POSO, CS – Kasus hukum yang menjerat Jemi Mama (41), petani asal Desa Bategencu, Kecamatan Lage, Kabupaten Poso, Sulawesi Tengah (Sulteng), memicu perhatian publik. Jemi ditahan polisi atas tuduhan mencuri buah sawit di lahan yang diklaim sebagai miliknya sendiri.

Perkara tersebut kini bergulir di Pengadilan Negeri (PN) Poso dengan agenda sidang eksepsi. Kuasa hukum terdakwa, Yusrin Ichtiawan, menilai kasus ini sebagai bentuk kriminalisasi terhadap masyarakat kecil.

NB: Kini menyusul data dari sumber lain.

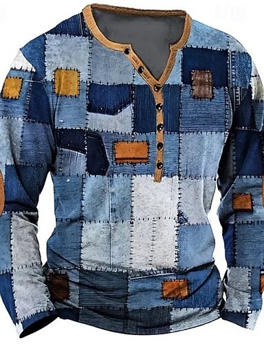 Miesten Faux Patchwork kuvio T-paita Henley-paita T-paidat Pitkähihainen Vintage Suunnittelija Tyylikäs Kausaliteetti Päivittäin ulko- Kevät kesä Kaikki vuodenajat Sininen Henley Henley T-paita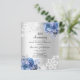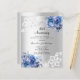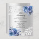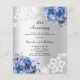 For an elegant and romantic 25th wedding anniversary. A faux silver looking background decorated with blue florals, roses and white lace. Personalise and add your names and details.

“Klien saya hanya menuntut hak bagi hasil sesuai kesepakatan. Alih-alih mendapat keadilan, dia malah dipenjara. Fakta ini akan kami buktikan di persidangan,” kata Yusrin di Poso, Kamis (11/9/2025).

Yusrin menjelaskan, kasus bermula pada 2010 ketika Jemi memperoleh lahan 15 hektare dari kakek istrinya di Desa Peleru, Kabupaten Morowali Utara, yang kemudian dikembangkan hingga 30 hektare. Pada 2014, PT Nusamas Griya Lestari (NGL) masuk dan menggusur tanaman tanpa izin. Setelah protes, perusahaan membuat kesepakatan bagi hasil 70/30 di Tahun 2016.

Namun, menurut kuasa hukum lainnya, Hidayat Hasan, pembayaran yang diterima Jemi sangat minim, hanya ratusan ribu rupiah per tahun dan dihitung sebatas 1 hektare. Sejak 2021, pembayaran bahkan terhenti, hingga 2025 baru diterima sebagian.

Merasa dirugikan, Jemi memanen sawit dari lahannya sendiri. Aksi itu justru berujung laporan polisi oleh PT NGL. Ia dituduh mencuri 4,8 ton sawit dan ditahan sejak Mei 2025, kini berstatus terdakwa.

“Sangat ironis, petani memanen hasil di tanahnya sendiri tapi dilaporkan sebagai pencuri. Perkara ini seharusnya masuk ranah perdata, bukan pidana,” ujar Hidayat.

Ia juga menyoroti penerbitan Hak Guna Usaha (HGU) perusahaan di atas lahan plasma yang statusnya belum tuntas.